I tried to connect to the following addresses, but was blocked by firewall rules:

pypi.org
- Triggering command: /home/REDACTED/work/azure-sdk-for-python/azure-sdk-for-python/.venv/bin/python /home/REDACTED/work/azure-sdk-for-python/azure-sdk-for-python/.venv/bin/python /home/REDACTED/work/azure-sdk-for-python/azure-sdk-for-python/.venv/lib/python3.10/site-packages/pip/__pip-REDACTED__.py install --ignore-installed --no-user --prefix /tmp/pip-build-env-chn4lfg6/overlay --no-warn-script-location --no-binary :none: --only-binary :none: -i REDACTED -- setuptools>=40.8.0 (dns block)
scanning-api.github.com
- Triggering command: /home/REDACTED/work/_temp/ghcca-node/node/bin/node /home/REDACTED/work/_temp/ghcca-node/node/bin/node --enable-source-maps /home/REDACTED/work/_temp/copilot-developer-action-main/dist/index.js (dns block)
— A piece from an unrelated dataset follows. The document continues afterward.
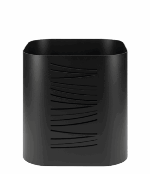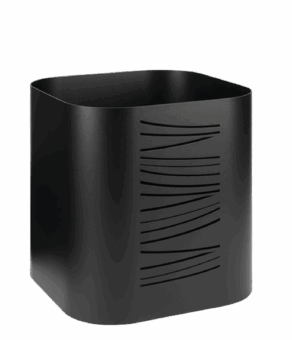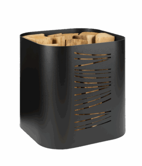 Range‑bûches Taïkal en acier noir givré – dimensions 37,5 × 37,5 × 38,5 cm, capacité 15 bûches, roulettes incluses.

If you need me to access, download, or install something from one of these locations, you can either:

Configure Actions setup steps to set up my environment, which run before the firewall is enabled
Add the appropriate URLs or hosts to the custom allowlist in this repository's Copilot coding agent settings (admins only)

Original prompt

Context

PR #46436 (Standardize Output Schema for Evaluators, branch mohessie/standardize_output_schema) updated several evaluator classes — including DocumentRetrievalEvaluator and RougeScoreEvaluator — to emit the unified output schema (a single primary metric plus _score/_passed/_result/_reason/_status/_threshold/_properties).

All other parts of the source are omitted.